Предыдущая глава |
↓ Содержание ↓
↑ Свернуть ↑
| Следующая глава |
На одной из стоянок неожиданно появляется Витас, он удручен и качает все время своей красивой седой головой. Витас никогда не договаривае предложения до конца, а машет руками и выразительно вздыхает. Они минут десять разговаривают на своем птичьем языке, из чего я понимаю только, что Витас делает что-то не так, а Эдвардас его наставляет на путь истинный.
-Поняла что-нибудь? — спрашивает, наконец, меня Эдвардас. Он думает, что природная хитрость помогает мне даже проникнуть в тайны незнакомой речи. Я в ответ мотаю головой.
-Он влюбился в эту Свету, и сейчас мучается, что ему делать, хоть за борт прыгай, так хочет обратно.
Я так растеряна, что даже не знаю, что сказать. Двое взрослых мужчин, годящихся мне в отцы, вопросительно смотрят на меня и ждут мудрых слов.
-Ну если уже такая любовь, надо что-то делать...— Слабо мямлю я.
-Какая любовь! — перебивает меня Эдвардас, это явно не те слова, которых он от меня ждал, — я уже не говорю, что она страшная как ведьма, моложе его на двадцать пять лет, так им еще и жить не на что будет. А семья?
Витас опять удрученно мотает головой, разводит руками, обрывает фразы на середине. Эдвардас объясняет ему, что сейчас отпустить его никак не может, пока идет перегон, а потом, когда они вернутся в Литву, все встанет на свои места и Витас, скорее всего, сам одумается.
Витас ушел, а в нашей маленькой каюте повисла плотная пауза непонимания и недоговоренности.
-Любовь! — первым нарушает тишину Эдвардас, — какая любовь в сорок лет!
Я отворачиваюсь и плачу.
-Ты что, хочешь, чтобы я вот так же слюни пускал? — злобно спрашивает Эдвардас.
Я долго молчу. Он думает, наверно, что я люблю его за твердость характера, а я просто люблю его и просто не хочу расставаться. Что в этом странного?
-Я вообще не хочу, чтобы мы пришли в пункт назначения, — отвечаю я.
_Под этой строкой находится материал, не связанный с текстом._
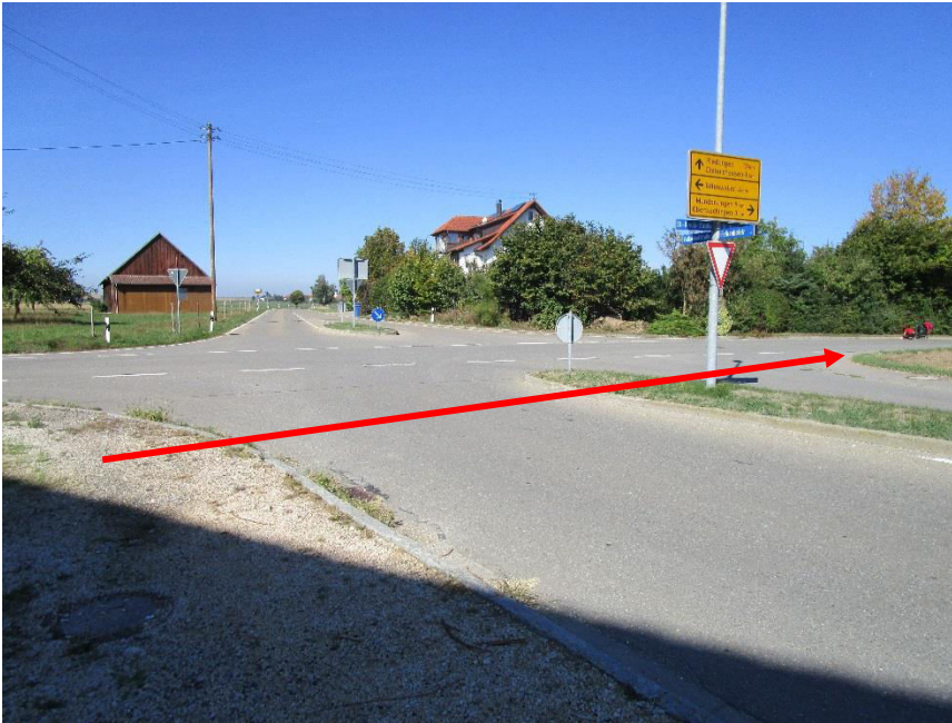
Gefahrenstelle 2: Überquerung Falkenhofstraße

⚠ Eine besondere Gefahr besteht für die Schüler/innen, die in der Sankt-Ursula-Straße oder der Falkenhofstraße wohnen und dann die Falkenhofstraße überqueren müssen. Auf dieser Straße fahren die Autos sehr schnell und die Stelle ist außerdem sehr unübersichtlich.

-А мы придем в пункт назначения, что бы ни случилось!
Странная способность мужчин слышать совсем не то, что ты им говоришь. Эдвардас смотрит на меня как на врага народа, как на подлого провокатора, смотрит так, будто я продала душу его конкурентам. Этот первый случай объяснить любимому, что у меня внутри, кончается провалом. Мне впервые становится страшно, сказка и не думает сбываться, я-то тешила себя надеждой, что стоит завести этот разговор и все встанет на свои места. Вот и встало. Вернее я встала на свое место. Эдвардас быстро засыпает, отвернувшись к стене, а я долго ворочаюсь, потом не выдерживаю и пробираюсь на соседнее судно к Витасу, где две родственные скорбящие души нашли не только друг друга, но и бутылку водки для еще более плотного единения. Судя по состоянию Витаса, и сама разлука не так хороша, может она даже и не лучше ожидания ее. В полной темноте Витас провожает меня к нашей каюте, откуда доносится мирный храп Эдвардаса, он и не заметил моего отсутствия.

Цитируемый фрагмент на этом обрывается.